Vous jugez vraiment qu’il n’y a pas de diversité dans notre métier?

Si, il y en a. Il y a même beaucoup plus de journalistes originaux que l’on croit. On en trouve dans tous les titres. Mais ils se sentent plutôt seuls à l’interne. De façon générale, les rédactions sont absorbées dans des modes, du prêt-à-penser et des façons de travailler qui se transforment en une forme de conformisme. Certains professeurs d’université ou artistes me partagent du reste le même genre de constats, et une impression de solitude les concernant, qui me préoccupe.

Vous-même, on ne peut pas dire que vous soyez ostracisé: vous êtes partout, et même à la télévision sur Léman Bleu…

Mais je ne me plains pas du tout, c’est autre chose que je dis. Je ne parle pas de moi, mais de l’état global du journalisme dans notre coin de pays et de l’évolution de cette vocation. Dans les grands médias, il n’y a plus beaucoup de «personnalités», à l’inverse de ce que l’on connaissait naguère. Et ce n’est pas parce que des démarches isolées comme celles du Regard Libre, de Bon pour la tête ou du Peuple existent et vont grandissant que cela signifie pour autant qu’il y a un équilibre. Mais qui sait, ça peut changer!

Vous êtes certes ouvertement de droite, mais très prudent sur les thèmes de société qui fâchent. C’est du calcul, de votre part?

Je ne me considère pas comme prudent, donc non il n’y a pas de calcul. Être nuancé, en revanche, est une question d’hygiène intellectuelle. Le récent essai de Jean Birnbaum, Le Courage de la nuance, m’a beaucoup parlé. Si une chose est vraie mais pas sexy, il faut la dire telle qu’elle est. Je ne cherche pas la polémique pour la polémique, mais dire la vérité ou exprimer des opinions implique parfois de créer des débats vifs; cela fait partie de notre métier.

En quoi la droite progressiste que vous incarnez diffère-t-elle réellement de la pensée de gauche, omniprésente dans les médias?

Il ne faut pas prendre le terme de progressiste au sens où on l’entend habituellement. On veut tous que demain soit meilleur qu’aujourd’hui et que l’on évolue vers une société meilleure. Pour certains, conservateurs ou même réactionnaires, cela passe par la préservation, voire par un retour à certaines idées ou pratiques. Revenir à une certaine autorité à l’école, par exemple, me semblerait certainement être un progrès.

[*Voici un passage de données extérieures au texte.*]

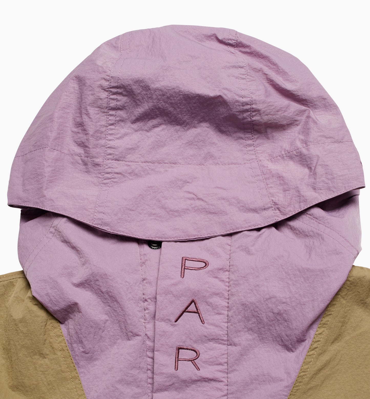 -windproof and water repellant lightweight polyester -tyvek label at front -parra embroidery at double placket button snap closure -full front YKK ™ zipper closure -2 big front pockets with placket and button snap closure -two YKK ™ zippered size pockets -V-insert hood -elastic draw cord and stopper at waist -snap button adjustable elastic cuffs -machine wash gently, do not tumble dry crafted in China

Le Regard Libre a une ligne assez intellectuelle. C’est le bon pari pour remettre des idées de droite sur le devant de la scène?

Non (rires). Ce n’est pas suffisant, évidemment, et s’il n’y avait que nous, nous ne toucherions pas tout le monde. Notez que nous ne sommes pas contre la presse classique, mais que nous existons de façon complémentaire à cette dernière. Du reste, notre objectif est moins d’apporter des idées de droite dans l’opinion que de proposer des débats pluralistes, rendus difficiles par le wokisme ambiant, miroir du puritanisme américain.

Comment vous situez-vous par rapport à l’héritage chrétien, cher à nos lecteurs?

Je ne suis pas étranger à l’héritage libéral, et je pense que ce n’est pas par hasard si celui-ci a pu se développer au sein de la partie du monde qui était chrétienne. Le christianisme a placé l’être humain au centre des préoccupations politiques et c’est une des influences évidentes du libéralisme, avec les traditions grecque et romaine. Les penseurs des Lumières avaient beau être contre les institutions religieuses, ils n’en étaient pas moins chrétiens de culture.